Both of East Hampton High’s cross-country teams were out in force as well Monday. Ryan Fowkes, the boys team’s number-one, won the 5K, in 17 minutes and 31 seconds.

Kevin Barry, the boys coach, announced that his team’s planned trip to a big high school and college meet in Lakeland, Fla., at the end of the month had been approved by the high school’s field trip committee Friday. Pearl River, the second-ranked team in New York State, would be going too, he said.

The sole chance to see the boys run here, at Cedar Point County Park, will be Tuesday, said Barry. “We’ll be running against half the league — Sayville, Mount Sinai, and Amityville.”

With Liana Paradiso, Ava Engstrom, and Bella Tarbet, Diane O’Donnell’s girls cross-country ought to be interesting too.
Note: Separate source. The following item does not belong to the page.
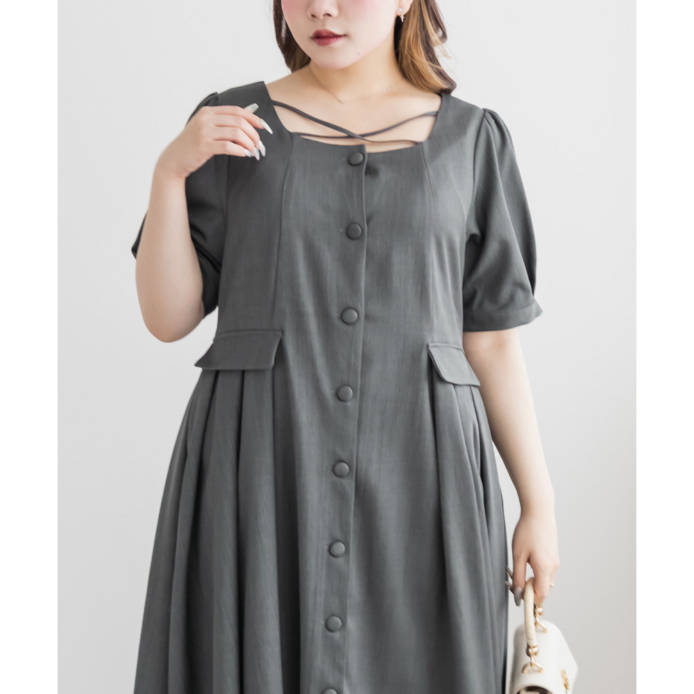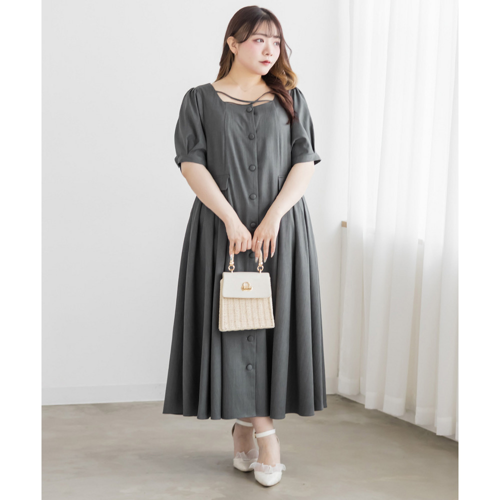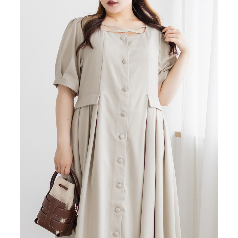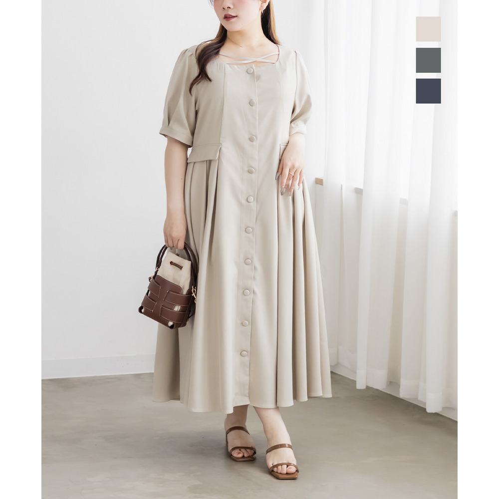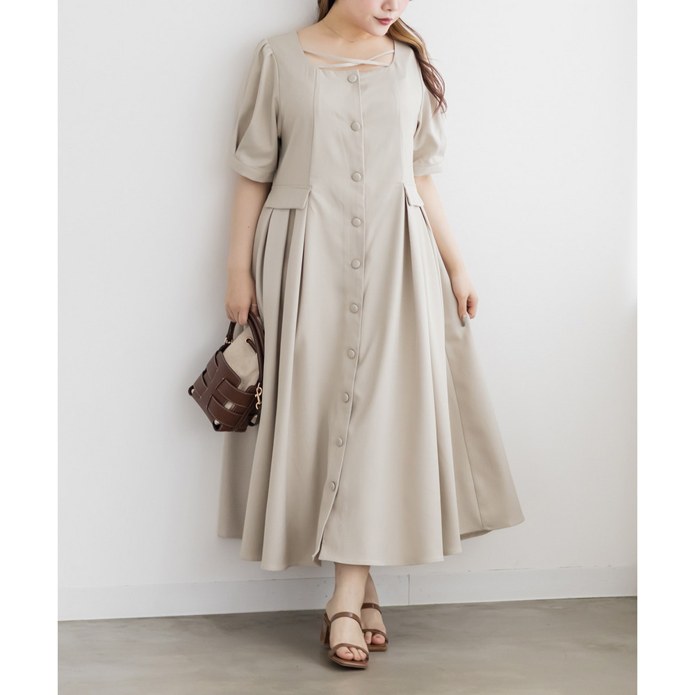 | LLサイズを着用してちょうどいいサイズ感でした!クロスチョーカーデザインが首元を華やかに見せてくれて、1枚でしっかり着映えするワンピースです◎サイドのプリーツが動くたびにふわっと広がって、女性らしいシルエットに見せてくれました♪身頃はすっきりしているので甘くなりすぎず、大人っぽく着られるのも嬉しいポイントです!着心地も楽で、特別感のあるコーデが簡単に完成します。 |

Tarbet, who remained with the middle school’s team last year as an eighth grader so that she could run in Suffolk’s cross-country race at Sunken Meadow for seventh and eighth graders (which she won), ran the 10K, her first appearance in a 6.2-mile race, and she paid for going out too fast. 

She’d learned her lesson, she said after crossing the line in 49:31, about 10 minutes after Steve Cuomo Jr. had. That having been said, Tarbet was the 10K’s third female over all, behind Barbara Gubbins (42:06) and Emma Raser (44:21).
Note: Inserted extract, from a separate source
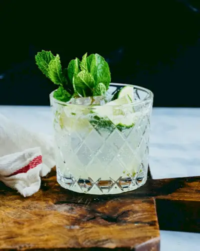 Ingrédients: Menthe fraîche, citron vert, sirop d'orgeat, eau gazeuse ou eau tonique
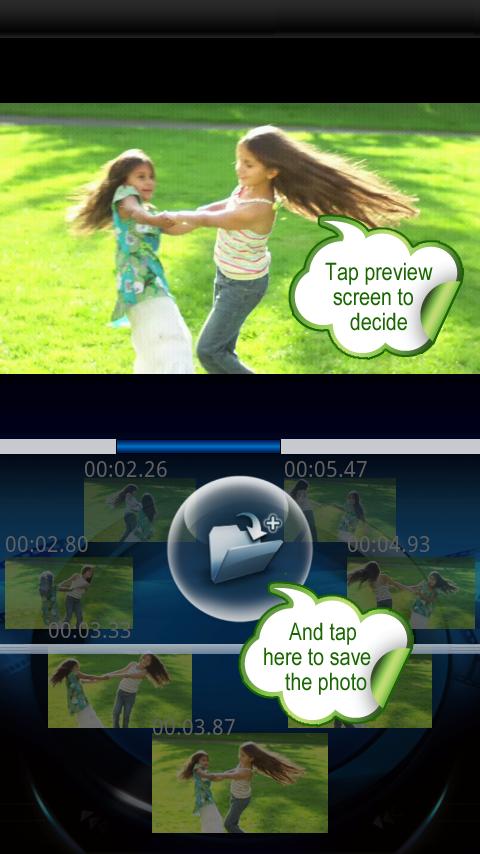 With frame grabber, grab still images from recorded video you've taken with your smartphone and get the best of both Video and pictures worlds.

Engstrom, whose brother, Erik, a former county cross-country champion, returned recently to the University of Massachusetts, is, like Tarbet, only a ninth grader, but a formidable one. She topped the 5K’s 13-to-15-year-old girls, in 21:45.

Another notable young runner, Luke Castillo, a Springs School sixth grader, won among the 5K’s 12-and-unders, in 20:35. 

“Two years ago, when he outkicked me at the finish,” said Paul Hamilton, a former county mile champion who helps Barry coach East Hampton’s cross-country and track runners, “Luke was running fast and slow, like kids do, but this year he ran at a steady pace. He’s incredible and he’s still two years away.”

Craig Brierley (44:59), who brought several of his girls swim team members with him, couldn’t hang around long inasmuch as he had lifeguarding duties to perform. “It’s been that way lately — lifeguarding and coaching the team, with not much time in between,” he said, adding, in answer to a question, that Bonac’s team would be at least as strong as last year, when its record was 4-2.

Yani Cuesta, who coaches East Hampton’s indoor and outdoor girls track teams, said she’s begun to coach several beginning runners, two of whom made their 5K debuts Monday. “We’ve been meeting at my house in East Hampton. We’ve trained for the past eight weeks. These are people who have graduated from alternately running a minute and walking a minute and a half to a 5K. They told me they felt good. . . . I’d like to enlarge the group.”